Much has already been correctly observed about the results of last month’s Republican primary in Idaho, but it is worth highlighting the major shakeup that the Senate Education Committee will experience. Several incumbent committee members, including Sen. Jim Woodward and Sen. Ryan Kerby, failed to secure the party’s nomination.
Overall, the results of May’s primary show that supporting education choice is a winning campaign strategy.
The results of Virginia’s 2021 gubernatorial election had already made this abundantly clear. Gov. Glenn Youngkin’s stance supporting parents’ right to direct the education and upbringing of their children resonated with the state’s voters, who rejected Terry McAuliffe’s contention: “I don’t think parents should be telling schools what they should teach.”
Similarly, Idaho’s Republican voters showed that they support a greater variety of educational options for students.
With 56% of the vote, Scott Herndon unseated incumbent Sen. Jim Woodward. Herndon openly supported education choice. He pledged support for policies that would allow students to earn the right to flexible schedules and take their state funding to other schools if public schools fail to offer in-person instruction.
Woodward, who was endorsed by the Idaho Education Association (IEA), the state’s largest teachers union, opposed education choice. Regarding a bill that originally would have allowed parents to use public funding to send their children to a private school of their choice, Woodward stated, “Our Constitution does say that we have a duty to public schools. It does not say we have a duty to fund private schools.”

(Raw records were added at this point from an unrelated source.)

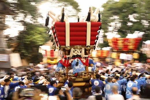 太鼓台のお祭りでは大阪府下最大級となる「秋郷祭(枚岡まつり)」が、枚岡神社で行われます。秋の収穫に感謝して行われる秋祭りで、土日に行われる前祭では大小合わせて20台以上の“ふとん太鼓台”が宮入りし、華やかで勇壮な数基の地車が街中を曳行されます。
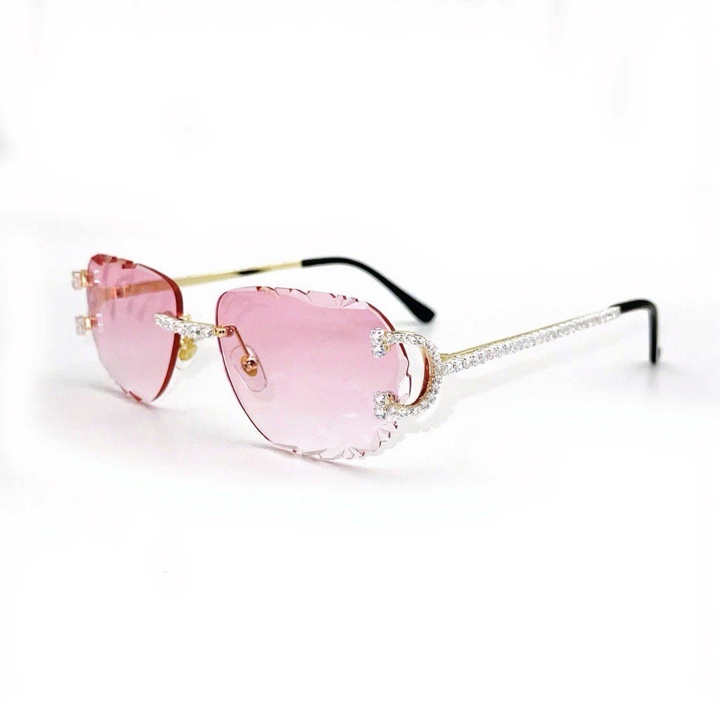 Luxury Rimless Round Cut Sunglasses ? Pink Gray Lens Gold Frame with High-Quality Rhinestones and Diamond Shine UV400 Protection
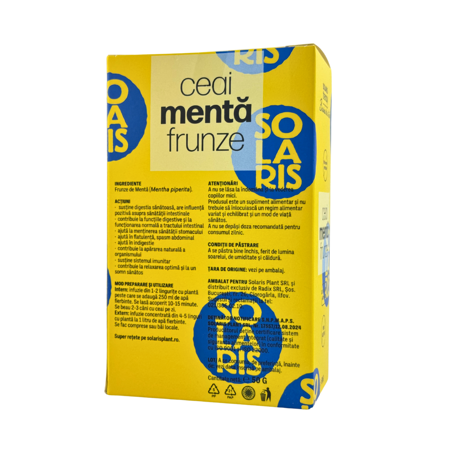Ultima actualizare a informatiilor de prezentare pentru Ceai din frunze de menta, 50 g, Solaris a fost efectuata la data de 14-04-2026.  |  Raporteaza Descriere Gresita
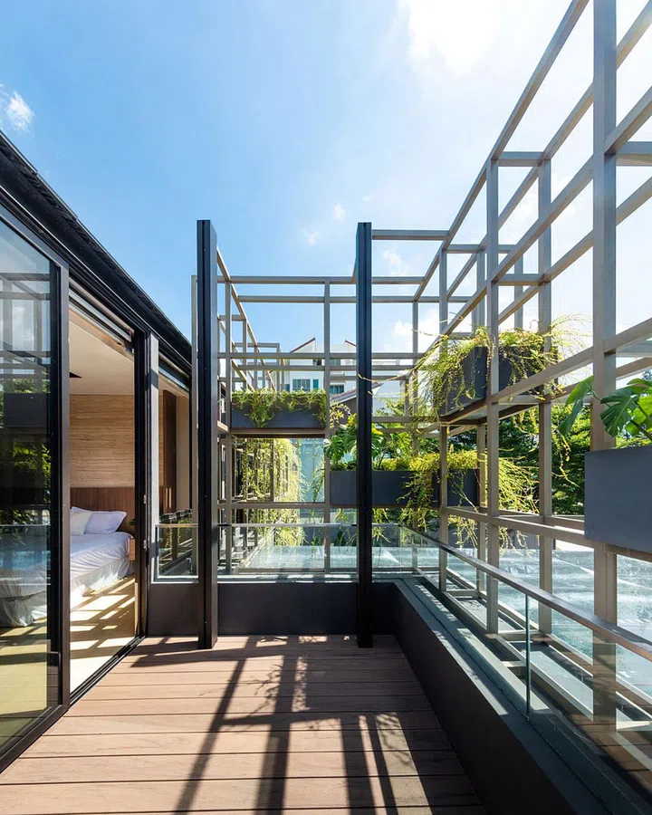 The facade is more than just the face of the home. It forms an amorphous boundary where the facade ends and the building edge begins. It was also conceived as a living grid that floats in front of the house, striking up a dialogue with the spaces behind it. As a response to our tropical climate, the green facade is like a skin that allows the fenestrations to be set back, thereby mitigating the effects of sun and rain.

In District 9, Jacyn Gallagher prevailed over incumbent and education choice opponent Rep. Ryan Kerby. Gallagher, who received 51% of the vote, expressly indicated her support for education choice, writing that public funding should follow the students rather than their assigned district school.
During his tenure as Vice Chair of the House Education Committee, Kerby voted to kill an education savings account bill in committee, therefore denying 65% of Idaho’s students the right to customize their education to suit their individual needs. Kerby also stated that he was “[n]ot a fan of tax credits to attend private schools.”
Each of Idaho’s students is unique and deserves the ability to choose the educational environment that best serves that student’s needs, desires, and goals. Idaho lawmakers can move forward with confidence knowing that education choice is an issue that voters support and want to see implemented for the betterment of Idaho’s students.